Maybe, if I were more of a “rational actor” homo economicus, perhaps I might have waited to get home in Knoxville to see Harry Potter and the Deathly Hallows 2 - rather than seeing it at New York City prices here in Manhattan this past weekend. But I am not – and so I didn’t. And I’m glad (about both). I am, however, enough of a “rational actor” to delay gratification – at least modestly. Left to myself, I’d probably have gone to the morning show on Friday. Two NY friends, however, suggested I got with them on Saturday night. It’s always more fun to go to a movie with someone else rather than alone, and it’s certainly more fun to stand on line with someone else rather than alone! (Even though the tickets are bought in advance, one wants to be in a good spot on the line to get a decent seat and not end up sitting separately or in the front row).
I have read all 7 Harry Potter books (published almost every year from 1997 to 2007) and now seen all 8 Harry Potter movies (issued in turn over the course of the decade 2001-2011).

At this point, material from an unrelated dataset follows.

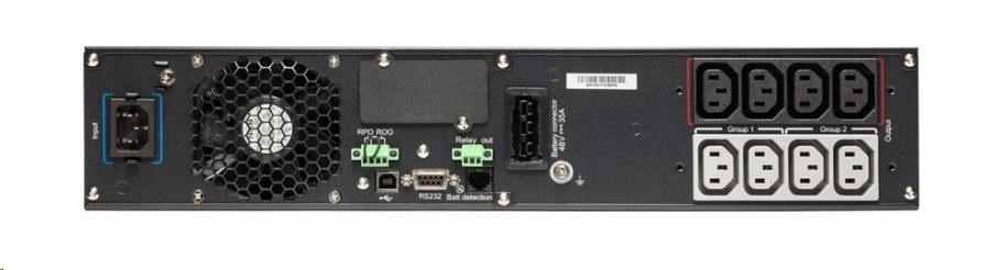 | Obsah balení | UPS (2) Výstupní IEC-IEC kabely USB kabel Sériový kabel (2) držáky pro montáž do 19' rozváděče (2) Sada pro montáž do datového rozvaděče (2) Podpěry pro samostatně stojící montáž Systém pro uchycení kabelu Bezpečnostní pokyny Stručná příručka |

I fell in love with the first book and have been a fan ever since. In an era when reading is in decline, good literature (i.e., well composed stories, written in really good English) is itself a true treasure. Being a bit of an Anglophile, I suppose I liked the portrayal (especially in the earlier books) of what was in effect (however magical) something like a British Public School - with the accompanying message that, however much such a school may be a fun place to study and a good place to make life-long contacts, it might also be a dangerous place (as well as a haven for bullies). Having grown up with fairy-tales, I was no doubt attracted to a new fairy tale, with lots of classic fairy-tale characteristics, set in our own time. That, to me, answers the uniquely contemporary, nanny-ish objection that the Harry Potter stories are frightening (as if the fairy-tales I grew up with weren’t) and also the fundamentalist Christian objection that the Harry Potter stories are neo-pagan (as if classic fairy-tales about witches, fairies, etc., were all somehow Christian in origin). Most of all, however, the Harry Potter stories highlight some of the most socially significant human virtues – qualities like personal integrity, friendship, and loyalty, virtues practiced conspicuously by Harry himself, but also by his cadre of good, close friends. In fact, it is one of the most enduringly appealing features of the series (right from the beginning) that great deeds get done, not just by Harry (of whom great deeds were always expected) but by Harry’s friends (notably Ron Weasley), apparently ordinary folks from whom great deeds were not necessarily expected.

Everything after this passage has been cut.